In a simplified summary, the InfluxDB storage engine has two essential elements.
The storage nodes pick up new data to write from a Kafka queue, process that data and write it. They also process queries and return data to the user.
When data is written, it is stored in memory for a period of time in addition to being persisted. In certain cases, such as when data is being quickly overwritten and duplicated, the process of merging the data from disk and memory during queries can be computationally expensive.
A user wrote a very tight loop of code for the purpose of backfilling historical data. As part of this loop, they also queried the data as it was being written. This loop included running a query after every write. Like every user, their data was stored on a subset of the storage nodes.
Due to the nature of the data being backfilled and the queries, the impacted storage nodes were performing an extreme number of the expensive merges, causing a dramatic spike in CPU utilization on those nodes.

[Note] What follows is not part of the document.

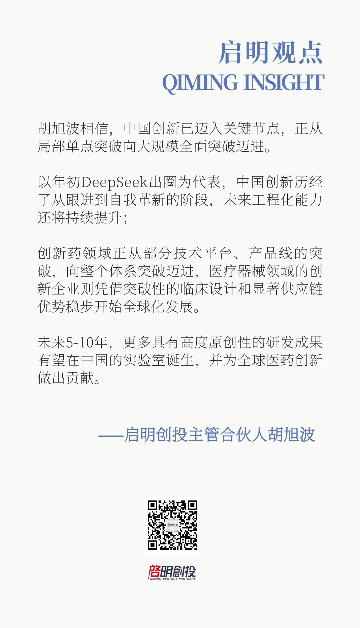 直到2024年上半年,胡旭波的判断逐渐清晰:启明创投所坚持的——推动中国创新服务于全球市场——是可行且值得投入的。尽管当时医疗投资依旧冷清,启明创投看到的是中国创新被低估的历史性机会,胡旭波也在内部多次强调,必须把握时间窗口,果断投资那些产品与团队都令人信服的企业。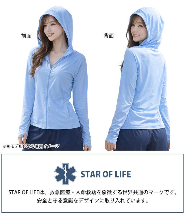 | 商品説明 | UVパーカー UVカット ラッシュガード UVジャケット UVケア UVジャケット 紫外線対策パーカ 海水浴やキャンプなどのアウトドアシーンやハイキングやサイクリング・ジョギング・ガーデニングなどでの日焼け防止・紫外線カットや怪我防止などに最適 ・UVカット率90%以上 ・両サイドにポケットあり ・指穴付きで手の甲までしっかりカバー ・左袖に「STAR OF LIFE」のシンボルマークプリント ※STAR OF LIFEとは救急救命の世界的なシンボルマークです。 |

This high CPU utilization caused the storage nodes to lack CPU resources to keep up with processing new writes from the Kafka queue as fast as normal. Therefore, there was a long delay before the written data was available for reads, and so queries would return incomplete data from the impacted storage nodes during the incident.
Customers with data on the impacted nodes experienced:
Other customers were not impacted. No data was lost. The API continued to operate normally.
All times are in UTC:
23:45 - Storage Team received a TTBR alert (“time to become readable” signifying that there was a delay in data being written). Upon investigation the TTBR had already recovered to normal levels.
00:14 - Storage Team received another TTBR alert, but upon investigation saw that the TTBR was continuing to climb on a single storage node. The team embarked upon an investigation as their top priority.
00:45 - The team determined that there must be one specific customer causing the issue, and contacted Support to help identify the user, and also to update the status page reflecting that performance was degraded for some users.
00:49 - The team initiated the incident response processes. More engineers joined the investigation and were able to identify the user that triggered the incident.
01:21 - The team used a feature flag to target the specific customer and stop their queries from running. Support reached out to the customer and initiated a discussion.
01:46 - The team observed that the impacted storage nodes were quickly catching up with the queued writes. The team continued to monitor before finally closing the incident.